Нам представляется, что таким противопоставлением «общественники» просто подменяли свои устремления в решении двух принципиально различных вопросов: вопроса о диалектике взаимодействия субъекта и объекта и вопроса об отношении мышления к бытию, т.е. основного вопроса философии. Эта подмена давала им возможность вести речь о какой-то особой форме объективности эстетического тогда, когда требовалось обосновывать общественную природу эстетического, его связь с человеком и т.д. Но, с другой стороны, она же давала возможность толковать саму эту природу и эту связь совершенно несущественными тогда, когда требовалось выразить принципиальное отношение к пониманию объективности эстетического, точнее, к существу решения основного вопроса философии.
Но как раз со стороны правильного решения такого вопроса нет и не может быть каких-то различных форм объективности: общественного или природного порядка. Очеловеченная природа ничем существенным в своей объективности не отличается от неочеловеченной.
В этом отношении нельзя не согласиться с П.В. Копниным, который отмечал: «Хотя паровоз и создан человеком с помощью практики и на основе определенных идей, но с того момента, как любой паровоз принял объективную форму своего существования, он становится такой же объективной реальностью, существующей независимо от сознания человека, как и любой предмет природы. С помощью сознания его нельзя ни уничтожить, ни переделать, для его преобразования, как и для предмета природы, нужна материальная практическая деятельность. Со стороны решения основного вопроса философии нет различия между предметом, возникшим с помощью человека, и предметом, созданным стихийным действием сил природы. Понятие объективной реальности выработано философией только для одной цели – оно устанавливает абсолютность противопоставления материи и сознания в довольно узких пределах гносеологии. И в этом смысле нет и не может быть двух форм объективной реальности» [28, 101].

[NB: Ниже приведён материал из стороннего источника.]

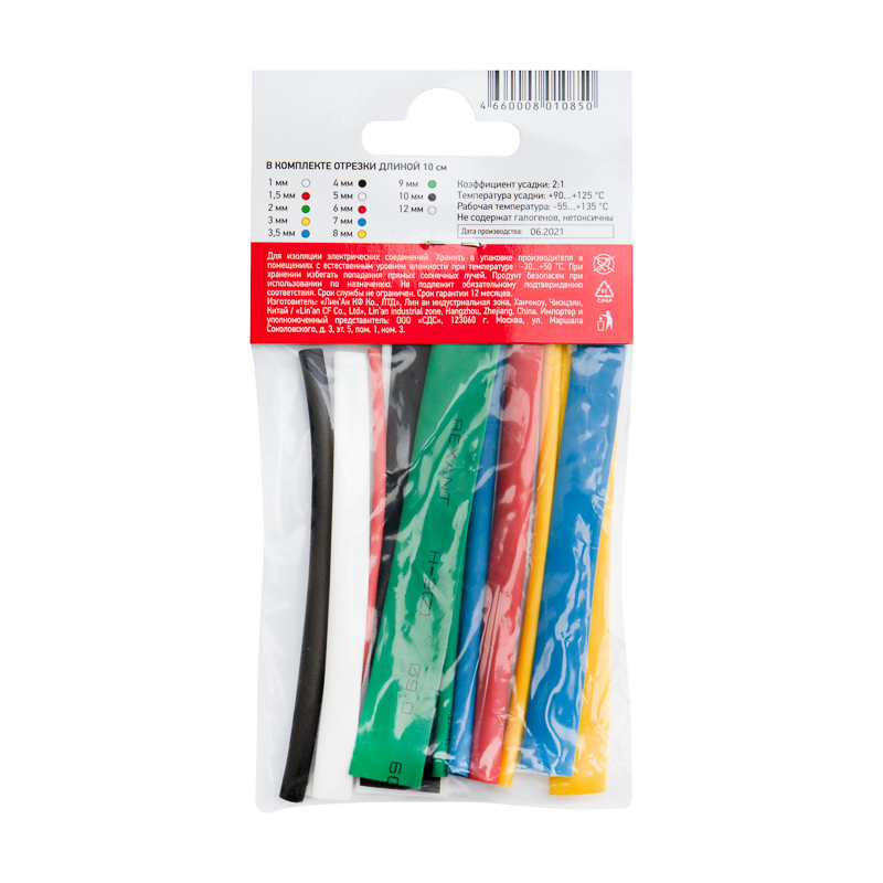 Термоусаживаемые трубки MULTICOLOR 2:1 REXANT оптимально подобран для использования в любых ситуациях.Назначение: для восстановления поврежденной и создания новой изоляции, герметизации поверхностей электрических соединений кабелей и проводов, бандажирования и маркировки проводов, для создания антикоррозийных защитных и декоративных покрытий.Состав набора: 1мм – 1шт(белый)1,5мм – 1шт(красный)2 мм – 1 шт(зеленый)3мм – 1шт(желтый)3,5мм – 1шт(синий)4мм – 1шт(черный)5мм – 1шт(белый)6мм – 1шт(красный)7мм – 1шт(синий)8мм – 1шт(желтый)9 мм – 1шт(зеленый)10 мм – 1шт(черный) 12 мм – 1шт(белый) 1. Длина: 10 см.2. Коэффициент усадки 2:1.3. Температура усадки: +90°С…+125°С4. Рабочая температура: -55°…+135°С5. Не содержет галогенов6. Нетоксично Отличается высокой гибкостью; материал(полиолефин), из которого изготовлена трубка, экологически безопасен. Уникальным свойством термоусаживаемых трубок является их способность менять свой диаметр, сжиматься в результате нагрева и принимать форму предмета или материала, на который совершается усадка, для этого достаточно нагреть трубку до необходимой температуры, а потом дать остыть. Трубка имеет свойство подавления горения, то есть она неспособна поддерживать горение, в отсутствии открытого огня затухает самостоятельно и неспособна воспламеняться.Рекомендуется проведение работ по усадке трубок с помощью специальных электромонтажных фенов и газовых горелок REXANT.

Общественническая концепция эстетического не довела свою методологию до логического завершения. И объясняется это не только тем, что так называемая «диалектика субъективного и объективного», к которой так часто апеллировали «общественники», оказалась попросту формальной логикой анализа ряда диалектических понятий, но и тем, что «общественники» в целом стремились остаться принципиальными в решении основного вопроса философии, пусть даже по-своему понятого. Этому сопутствовали, помимо прочего, и сами средства формальной логики, оперирование которыми не допускает смешения граней между объективными и субъективными характеристиками эстетического.
Во-вторых, последовательно проведенный гносеологизм, как правило, приводит к разрушению целостности предмета исследования. «Общественники» же любой ценой стремились сохранить единство структуры «эстетических свойств», ибо признание их таковыми давало им возможность подойти к пониманию объективного существования таких «свойств» и, следовательно, помогало выйти из затруднительного положения в проведении материалистического взгляда.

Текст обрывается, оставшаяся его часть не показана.